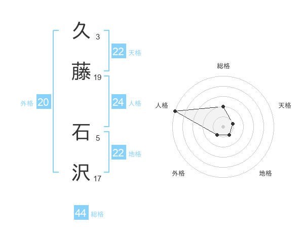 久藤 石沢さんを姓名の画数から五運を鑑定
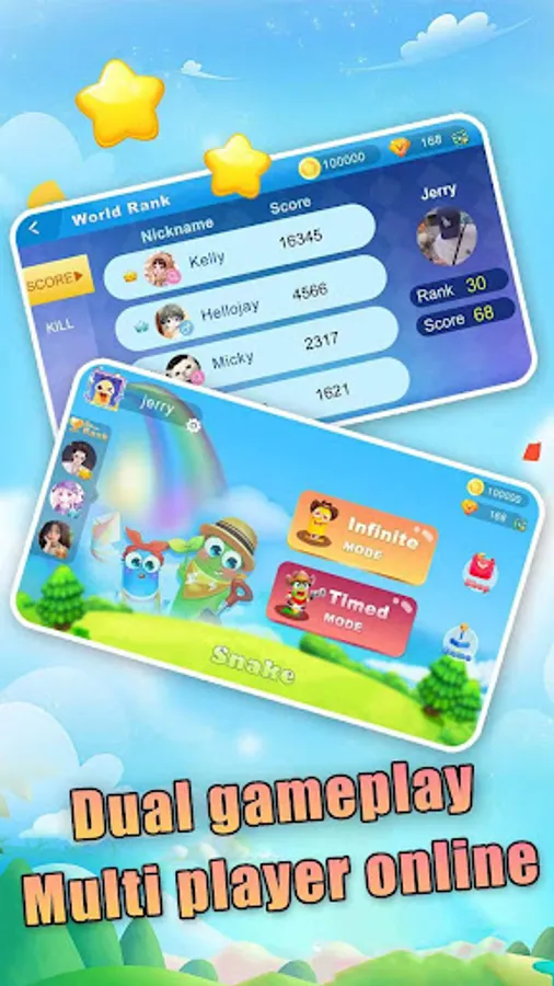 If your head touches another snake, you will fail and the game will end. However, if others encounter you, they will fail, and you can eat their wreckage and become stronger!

—————

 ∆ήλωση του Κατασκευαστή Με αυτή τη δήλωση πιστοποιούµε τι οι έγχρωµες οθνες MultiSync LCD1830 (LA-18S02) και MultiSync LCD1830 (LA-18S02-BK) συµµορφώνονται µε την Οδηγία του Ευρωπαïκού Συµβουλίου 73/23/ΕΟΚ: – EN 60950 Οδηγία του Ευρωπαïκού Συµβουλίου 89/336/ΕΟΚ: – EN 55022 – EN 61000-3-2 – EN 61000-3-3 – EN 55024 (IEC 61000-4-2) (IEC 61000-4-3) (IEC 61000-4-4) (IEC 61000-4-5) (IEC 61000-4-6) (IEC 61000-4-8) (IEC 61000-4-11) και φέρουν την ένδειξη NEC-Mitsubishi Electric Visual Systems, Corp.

—————

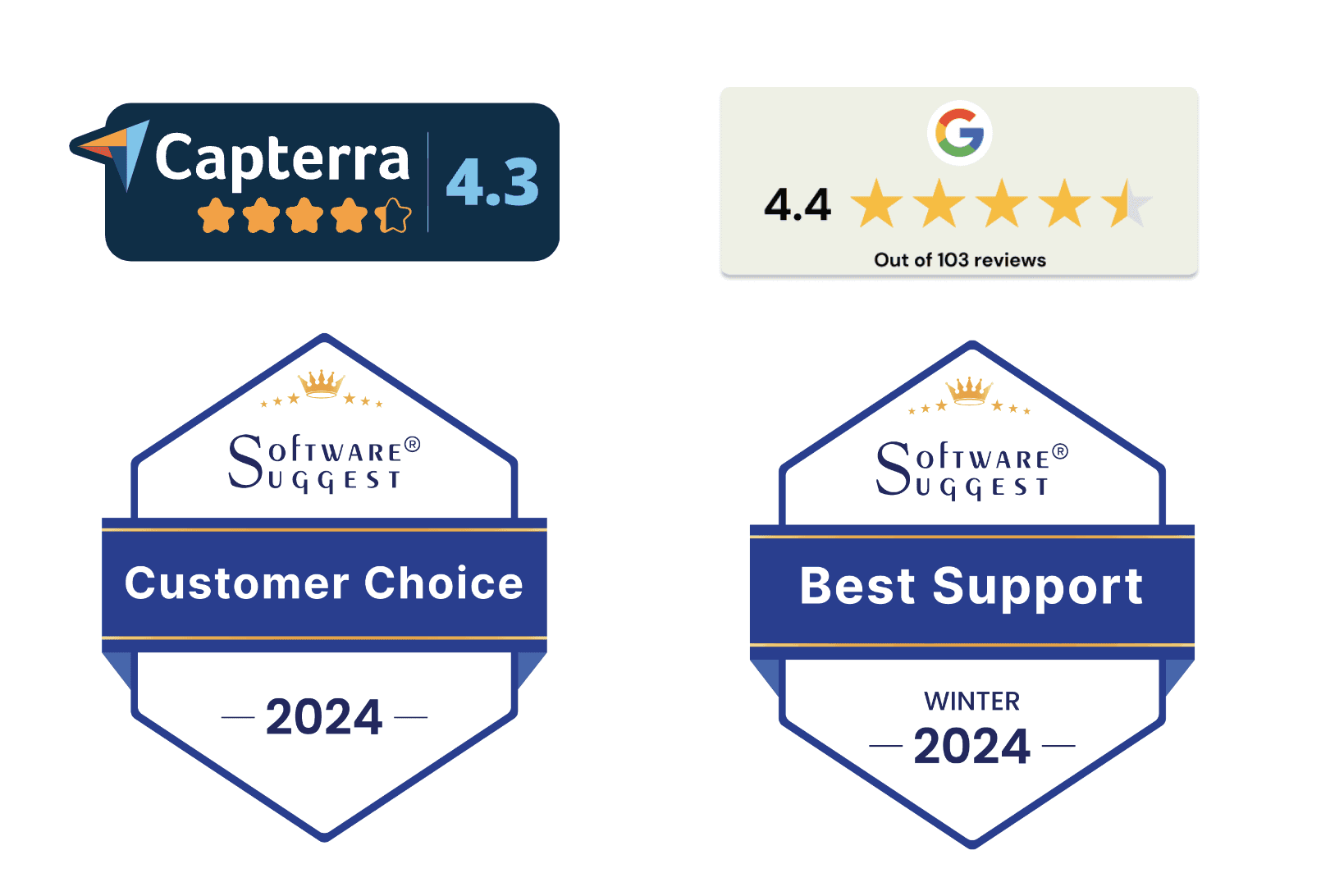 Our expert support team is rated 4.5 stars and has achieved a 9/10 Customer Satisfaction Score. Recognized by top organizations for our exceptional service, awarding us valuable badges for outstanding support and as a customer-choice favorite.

—————

Directions:
Write back the stretch of lines above that begins with the line holding "久藤 石沢さんを姓名の画数から五運を鑑定" and ends with the line holding "If your head", both included, exactly as written. Pictures stay out.

Solution:
 久藤 石沢さんを姓名の画数から五運を鑑定
 If your head touches another snake, you will fail and the game will end. However, if others encounter you, they will fail, and you can eat their wreckage and become stronger!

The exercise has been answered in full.